What is needed: Whenever a picture appears in the records, exclude it, and transcribe everything else exactly.

Information:

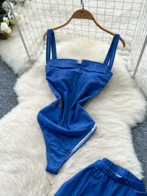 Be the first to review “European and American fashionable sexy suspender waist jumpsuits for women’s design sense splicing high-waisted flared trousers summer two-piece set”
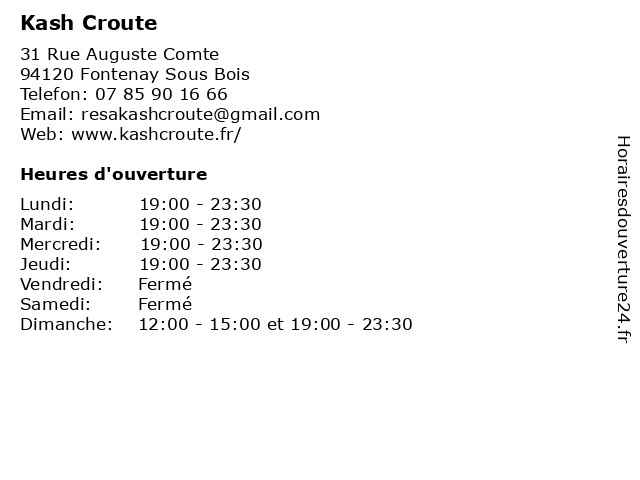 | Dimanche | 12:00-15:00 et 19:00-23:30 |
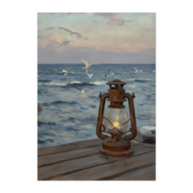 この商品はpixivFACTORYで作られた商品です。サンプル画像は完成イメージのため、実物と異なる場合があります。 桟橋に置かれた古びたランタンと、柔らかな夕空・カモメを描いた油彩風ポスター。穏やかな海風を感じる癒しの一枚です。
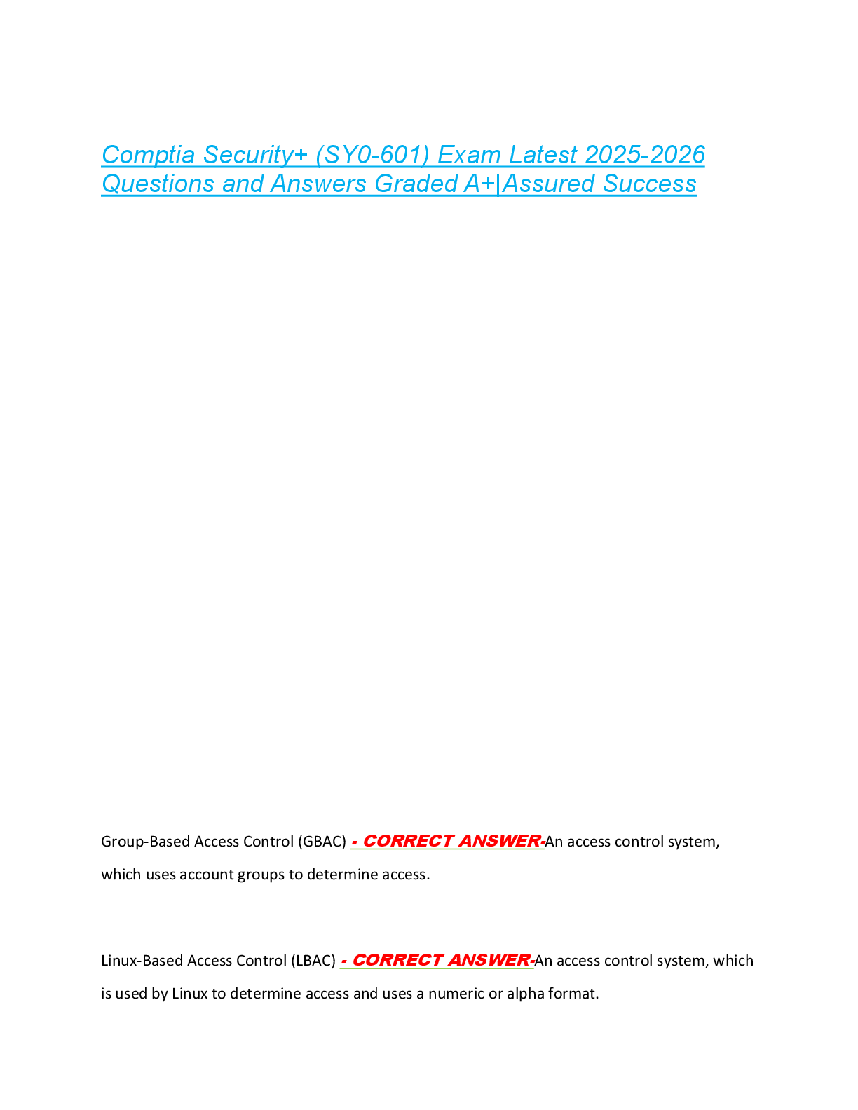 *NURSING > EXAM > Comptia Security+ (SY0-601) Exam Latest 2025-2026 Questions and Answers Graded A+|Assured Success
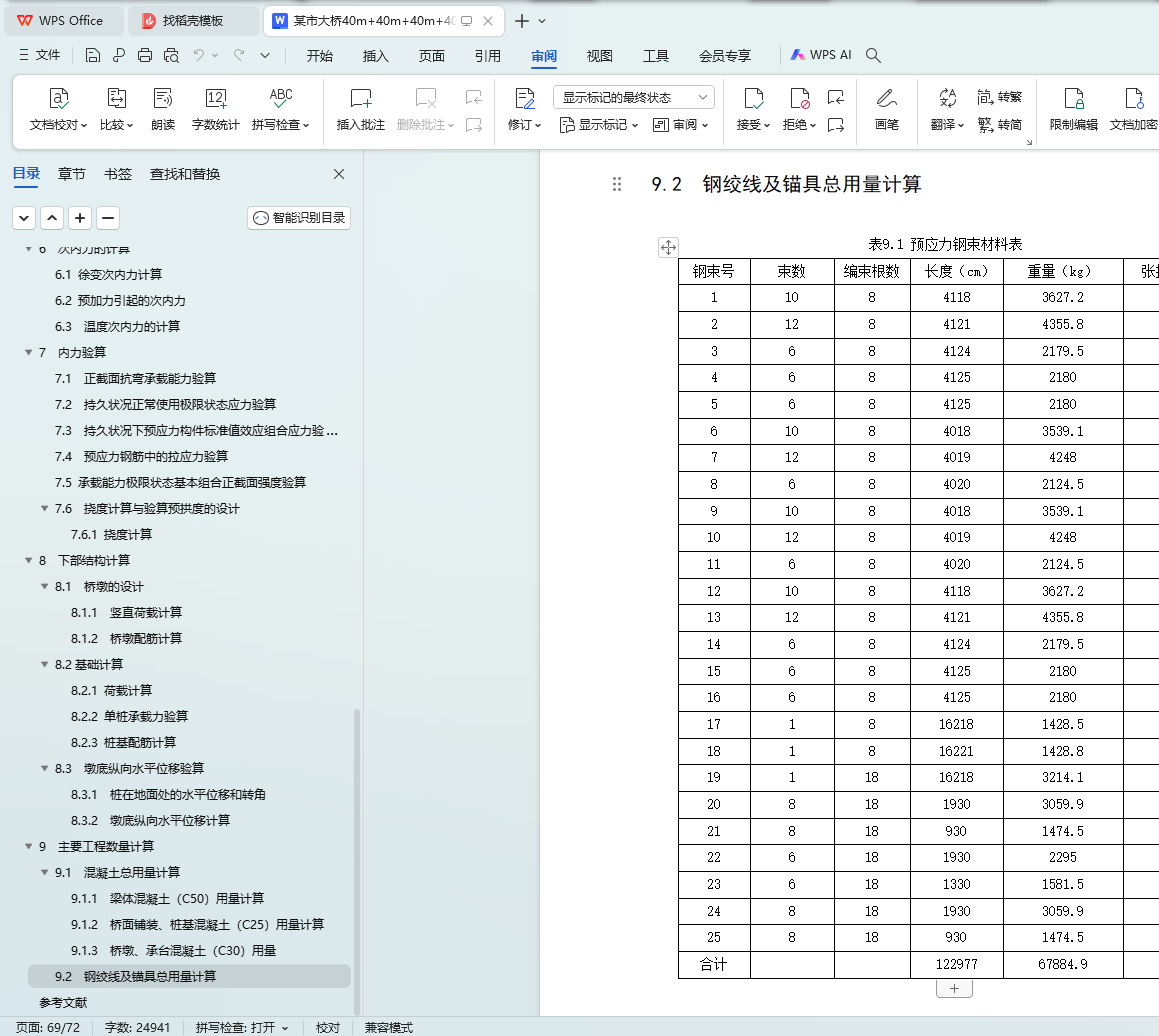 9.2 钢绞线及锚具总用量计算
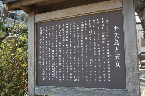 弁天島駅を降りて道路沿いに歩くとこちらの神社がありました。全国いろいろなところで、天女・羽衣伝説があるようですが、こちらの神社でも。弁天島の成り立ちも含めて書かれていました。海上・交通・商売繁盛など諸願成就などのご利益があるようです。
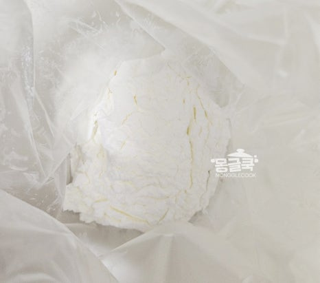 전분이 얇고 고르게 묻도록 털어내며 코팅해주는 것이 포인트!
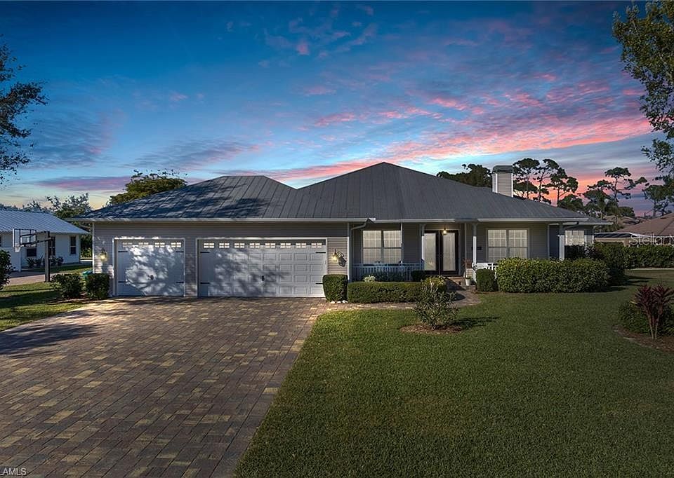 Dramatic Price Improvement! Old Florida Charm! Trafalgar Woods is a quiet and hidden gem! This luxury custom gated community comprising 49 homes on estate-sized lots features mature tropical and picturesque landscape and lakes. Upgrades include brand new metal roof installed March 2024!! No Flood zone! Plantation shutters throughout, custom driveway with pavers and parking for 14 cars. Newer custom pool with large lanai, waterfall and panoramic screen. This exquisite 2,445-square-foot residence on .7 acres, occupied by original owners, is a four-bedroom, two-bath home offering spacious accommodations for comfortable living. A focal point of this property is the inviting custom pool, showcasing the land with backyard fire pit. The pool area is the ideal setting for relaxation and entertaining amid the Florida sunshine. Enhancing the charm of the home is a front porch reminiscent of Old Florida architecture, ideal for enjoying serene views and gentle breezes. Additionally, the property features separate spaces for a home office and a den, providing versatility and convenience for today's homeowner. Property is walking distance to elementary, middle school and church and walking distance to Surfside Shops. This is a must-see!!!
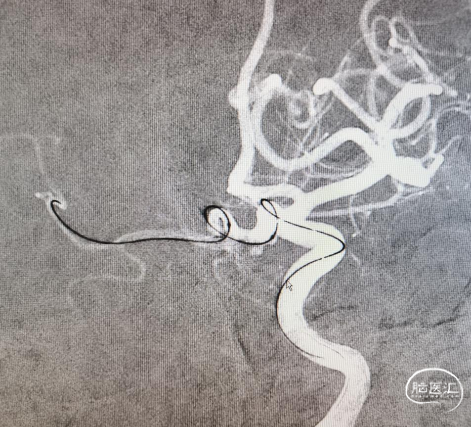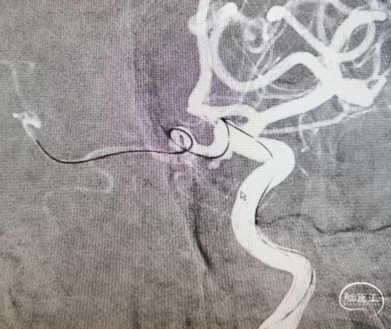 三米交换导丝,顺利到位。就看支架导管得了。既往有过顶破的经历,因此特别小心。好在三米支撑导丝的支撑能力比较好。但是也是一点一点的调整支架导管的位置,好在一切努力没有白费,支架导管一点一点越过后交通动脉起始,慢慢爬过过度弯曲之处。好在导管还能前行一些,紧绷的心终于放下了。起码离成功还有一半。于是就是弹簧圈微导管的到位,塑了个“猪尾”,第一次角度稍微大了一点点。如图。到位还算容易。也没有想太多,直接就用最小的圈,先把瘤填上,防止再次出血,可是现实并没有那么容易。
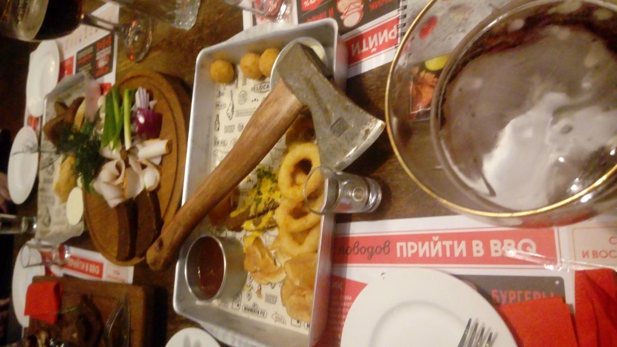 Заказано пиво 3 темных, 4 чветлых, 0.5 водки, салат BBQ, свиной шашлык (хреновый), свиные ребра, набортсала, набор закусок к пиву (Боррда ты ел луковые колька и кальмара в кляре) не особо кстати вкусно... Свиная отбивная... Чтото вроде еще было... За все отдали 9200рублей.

Result of this task:
 Be the first to review “European and American fashionable sexy suspender waist jumpsuits for women’s design sense splicing high-waisted flared trousers summer two-piece set”
 | Dimanche | 12:00-15:00 et 19:00-23:30 |
 この商品はpixivFACTORYで作られた商品です。サンプル画像は完成イメージのため、実物と異なる場合があります。 桟橋に置かれた古びたランタンと、柔らかな夕空・カモメを描いた油彩風ポスター。穏やかな海風を感じる癒しの一枚です。
 *NURSING > EXAM > Comptia Security+ (SY0-601) Exam Latest 2025-2026 Questions and Answers Graded A+|Assured Success
 9.2 钢绞线及锚具总用量计算
 弁天島駅を降りて道路沿いに歩くとこちらの神社がありました。全国いろいろなところで、天女・羽衣伝説があるようですが、こちらの神社でも。弁天島の成り立ちも含めて書かれていました。海上・交通・商売繁盛など諸願成就などのご利益があるようです。
 전분이 얇고 고르게 묻도록 털어내며 코팅해주는 것이 포인트!
 Dramatic Price Improvement! Old Florida Charm! Trafalgar Woods is a quiet and hidden gem! This luxury custom gated community comprising 49 homes on estate-sized lots features mature tropical and picturesque landscape and lakes. Upgrades include brand new metal roof installed March 2024!! No Flood zone! Plantation shutters throughout, custom driveway with pavers and parking for 14 cars. Newer custom pool with large lanai, waterfall and panoramic screen. This exquisite 2,445-square-foot residence on .7 acres, occupied by original owners, is a four-bedroom, two-bath home offering spacious accommodations for comfortable living. A focal point of this property is the inviting custom pool, showcasing the land with backyard fire pit. The pool area is the ideal setting for relaxation and entertaining amid the Florida sunshine. Enhancing the charm of the home is a front porch reminiscent of Old Florida architecture, ideal for enjoying serene views and gentle breezes. Additionally, the property features separate spaces for a home office and a den, providing versatility and convenience for today's homeowner. Property is walking distance to elementary, middle school and church and walking distance to Surfside Shops. This is a must-see!!!
 三米交换导丝,顺利到位。就看支架导管得了。既往有过顶破的经历,因此特别小心。好在三米支撑导丝的支撑能力比较好。但是也是一点一点的调整支架导管的位置,好在一切努力没有白费,支架导管一点一点越过后交通动脉起始,慢慢爬过过度弯曲之处。好在导管还能前行一些,紧绷的心终于放下了。起码离成功还有一半。于是就是弹簧圈微导管的到位,塑了个“猪尾”,第一次角度稍微大了一点点。如图。到位还算容易。也没有想太多,直接就用最小的圈,先把瘤填上,防止再次出血,可是现实并没有那么容易。
 Заказано пиво 3 темных, 4 чветлых, 0.5 водки, салат BBQ, свиной шашлык (хреновый), свиные ребра, набортсала, набор закусок к пиву (Боррда ты ел луковые колька и кальмара в кляре) не особо кстати вкусно... Свиная отбивная... Чтото вроде еще было... За все отдали 9200рублей.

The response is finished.